A wellhead is the part of the well that is above ground. A WHPA is the area around a wellhead that contributes to a municipal drinking water source.
Water can carry contaminants as it infiltrates the ground and flows down to an aquifer. Aquifers are areas where groundwater water fills cracks in bedrock or spaces between grains of sand, gravel, or dirt. Human activity in a WHPA can impact the quality and/or quantity of groundwater in an aquifer.
Scientists study how and where water moves through the ground. They also use models to calculate vulnerability scores in WHPAs. These scores represent the risk of an activity posing a threat to a drinking water source. Factors include the type of aquifer, soil type, topography (the rise and fall of the land) and pumping rates. WHPAs closest to a well typically have a higher vulnerability score. This is because there is less time for contaminants to break down before they reach the well.

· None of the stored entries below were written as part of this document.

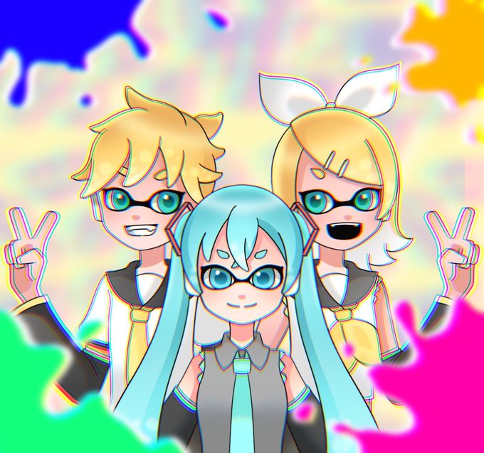 ボカロの3人をスプラ風に描いてみた! #鏡音リン #鏡音レン #初音ミク #スプラトゥーン #絵師さんと繋がりたい #無名絵師なので私をフォローして有名にしてください #フォロワー一万人以下の絵師が力作を投稿してたくさんのフォローを貰うタグ
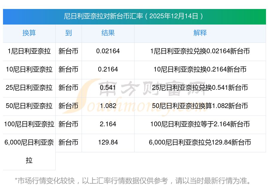 南方財(cái)富網(wǎng)為您提供尼日利亞奈拉對(duì)新臺(tái)幣匯率最新價(jià)格詳情。
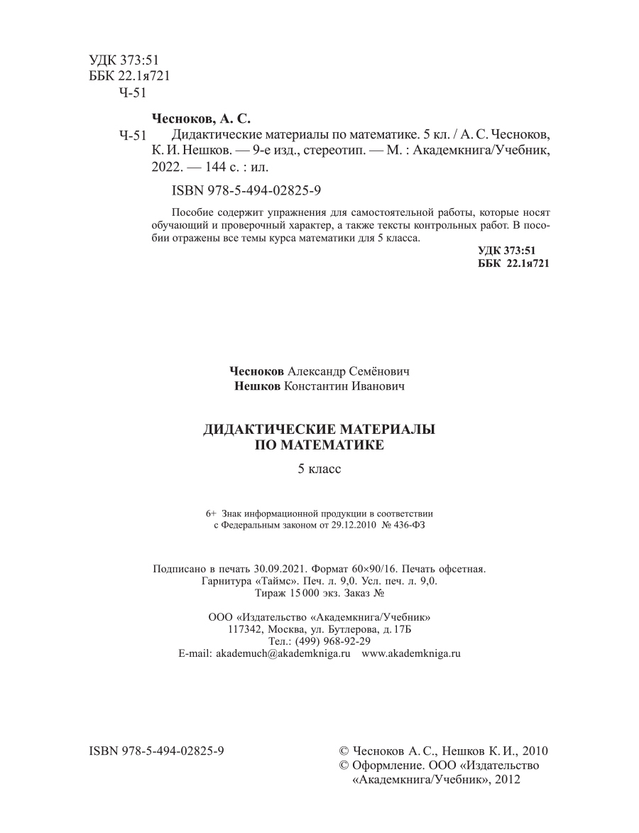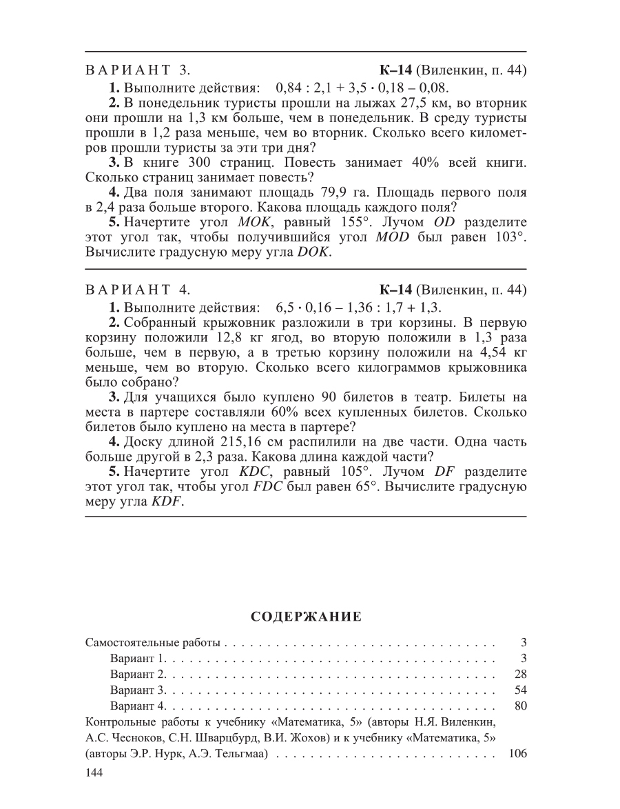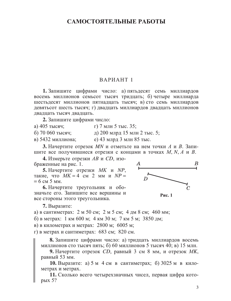 Пособие содержит упражнения для самостоятельных работ, которые носят обучающий и проверочный характер, а также тексты контрольных работ. В пособии отражены все темы курса математики для 5 класса.
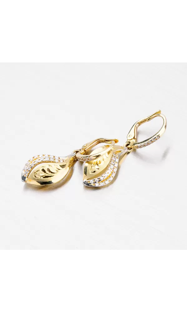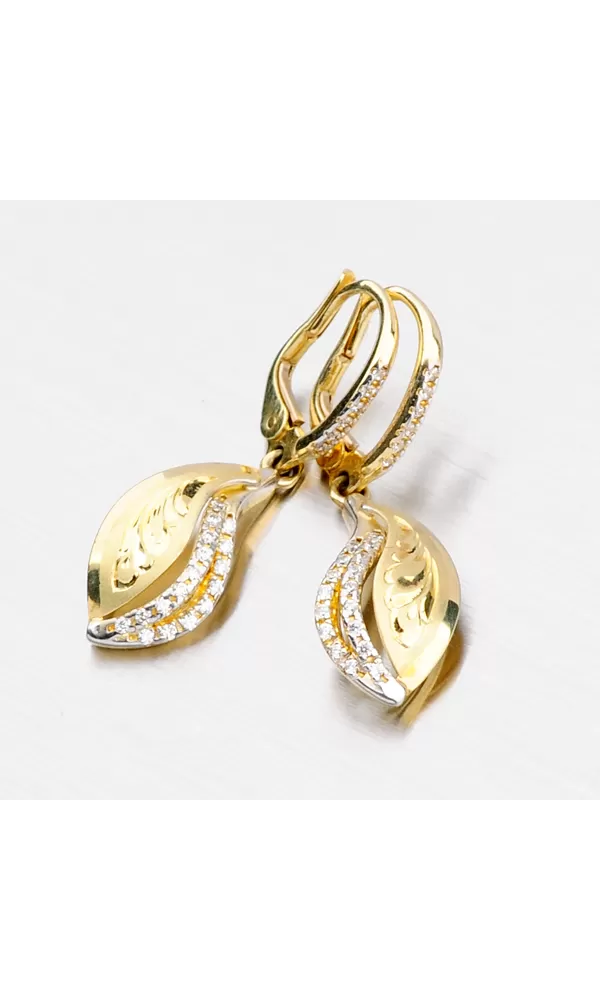Žiarivé náušnice so zirkónmi Vás okúzlia na prvý pohľad. Náušnice sa Vám budú hodiť ako pre spoločenské udalosti, tak aj pre každodenné nosenie. Dámske náušnice vyrobené zo žltého a bieleho štrnásťkarátového zlata 585/1000 v kombinovanej povrchovej úprave lesk - mat. Krajné ramienka z bieleho zlata sú vysadené okrúhlymi zirkónmi a výlisok je zdobený ručným rytím. Náušnice majú zapínanie na klapky. Zaujmite týmito neprehliadnuteľnými náušnicami.
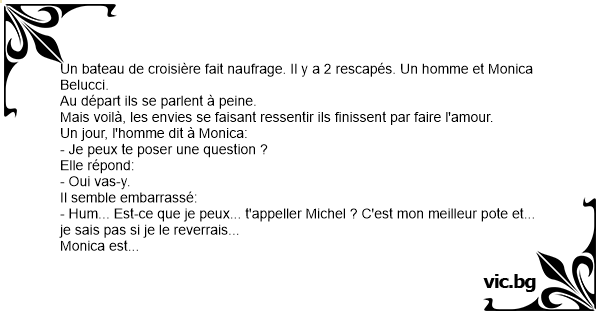 Un bateau de croisière fait naufrage. Il y a 2 rescapés. Un homme et Monica Belucci.
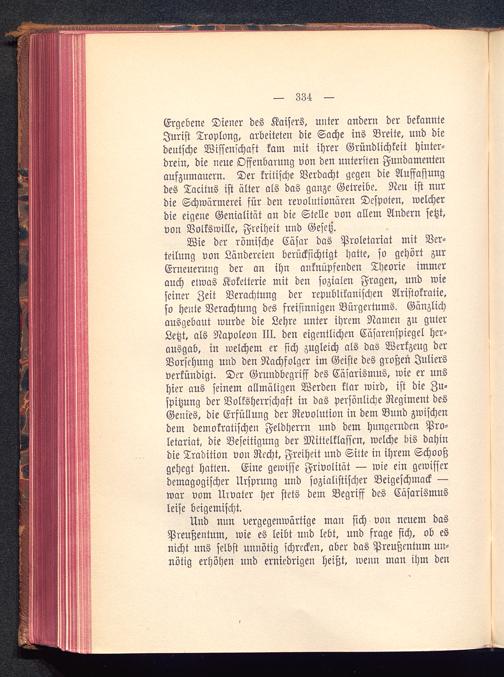 Wie der römische Cäsar das Proletariat mit Ver-teilung von Ländereien berücksichtigt hatte, so gehört zurErneuerung der an ihn anknüpfenden Theorie immerauch etwas Koketterie mit den sozialen Fragen, und wieseiner Zeit Verachtung der republikanischen Aristokratie,so heute Verachtung des freisinnigen Bürgertums. Gänzlichausgebaut wurde die Lehre unter ihrem Namen zu guterLetzt, als Napoleon III. den eigentlichen Cäsarenspiegel her-ausgab, in welchem er sich zugleich als das Werkzeug derVorsehung und den Nachfolger im Geiste des großen Juliersverkündigt. Der Grundbegriff des Cäsarismus, wie er unshier aus seinem allmäligen Werden klar wird, ist die Zu-spitzung der Volksherrschaft in das persönliche Regiment desGenies, die Erfüllung der Revolution in dem Bund zwischendem demokratischen Feldherrn und dem hungernden Pro-letariat, die Beseitigung der Mittelklassen, welche bis dahindie Tradition von Recht, Freiheit und Sitte in ihrem Schooßgehegt hatten. Eine gewisse Frivolität — wie ein gewisserdemagogischer Ursprung und sozialistischer Beigeschmack —war vom Urvater her stets dem Begriff des Cäsarismusleise beigemischt.

Source protection plan policies manage drinking water threats in WHPAs.
Types of WHPAs
- WHPA-A: 100-metre radius around the wellhead
- WHPA-B: 2-year travel time for groundwater (and potential contaminants) to reach the well
- WHPA-C: 5-year travel time for groundwater (and potential contaminants) to reach the well
- WHPA-D: 25-year travel time for groundwater (and potential contaminants) to reach the well
- WHPA-E: 2-hour travel time from surface to aquifer.